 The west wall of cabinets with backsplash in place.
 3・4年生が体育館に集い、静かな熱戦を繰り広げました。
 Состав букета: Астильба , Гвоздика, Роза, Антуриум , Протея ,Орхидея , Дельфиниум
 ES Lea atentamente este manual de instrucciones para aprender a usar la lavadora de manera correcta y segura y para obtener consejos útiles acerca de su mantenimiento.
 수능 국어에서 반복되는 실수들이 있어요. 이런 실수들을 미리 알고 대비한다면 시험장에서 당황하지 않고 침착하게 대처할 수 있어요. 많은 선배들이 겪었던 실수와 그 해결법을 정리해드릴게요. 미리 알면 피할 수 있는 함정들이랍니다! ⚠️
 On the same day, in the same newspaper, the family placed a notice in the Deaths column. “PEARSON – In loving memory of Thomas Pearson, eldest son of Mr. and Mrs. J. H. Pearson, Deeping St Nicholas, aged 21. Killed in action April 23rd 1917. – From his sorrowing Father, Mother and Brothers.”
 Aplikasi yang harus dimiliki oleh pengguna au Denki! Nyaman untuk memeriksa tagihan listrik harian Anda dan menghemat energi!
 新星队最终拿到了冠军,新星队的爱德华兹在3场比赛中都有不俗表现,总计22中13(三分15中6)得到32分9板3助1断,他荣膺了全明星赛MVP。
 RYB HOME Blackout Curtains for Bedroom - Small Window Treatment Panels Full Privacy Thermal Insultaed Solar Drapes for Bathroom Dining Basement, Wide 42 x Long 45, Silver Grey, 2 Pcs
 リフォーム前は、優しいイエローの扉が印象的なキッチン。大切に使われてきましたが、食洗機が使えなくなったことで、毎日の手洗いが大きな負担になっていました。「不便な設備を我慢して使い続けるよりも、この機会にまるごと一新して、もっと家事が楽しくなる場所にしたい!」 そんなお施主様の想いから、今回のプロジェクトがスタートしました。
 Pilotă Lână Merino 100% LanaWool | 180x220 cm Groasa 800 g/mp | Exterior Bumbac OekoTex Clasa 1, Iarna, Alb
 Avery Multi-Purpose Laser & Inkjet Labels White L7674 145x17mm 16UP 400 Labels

• **ASSIGNMENT**
Please give again the lines above between the line holding "수능 국어에서 반복되는" and the line holding "RYB HOME Blackout", inclusive, exactly as they are and with nothing added.

• **TASK RESULT**
 수능 국어에서 반복되는 실수들이 있어요. 이런 실수들을 미리 알고 대비한다면 시험장에서 당황하지 않고 침착하게 대처할 수 있어요. 많은 선배들이 겪었던 실수와 그 해결법을 정리해드릴게요. 미리 알면 피할 수 있는 함정들이랍니다! ⚠️
 On the same day, in the same newspaper, the family placed a notice in the Deaths column. “PEARSON – In loving memory of Thomas Pearson, eldest son of Mr. and Mrs. J. H. Pearson, Deeping St Nicholas, aged 21. Killed in action April 23rd 1917. – From his sorrowing Father, Mother and Brothers.”
 Aplikasi yang harus dimiliki oleh pengguna au Denki! Nyaman untuk memeriksa tagihan listrik harian Anda dan menghemat energi!
 新星队最终拿到了冠军,新星队的爱德华兹在3场比赛中都有不俗表现,总计22中13(三分15中6)得到32分9板3助1断,他荣膺了全明星赛MVP。
 RYB HOME Blackout Curtains for Bedroom - Small Window Treatment Panels Full Privacy Thermal Insultaed Solar Drapes for Bathroom Dining Basement, Wide 42 x Long 45, Silver Grey, 2 Pcs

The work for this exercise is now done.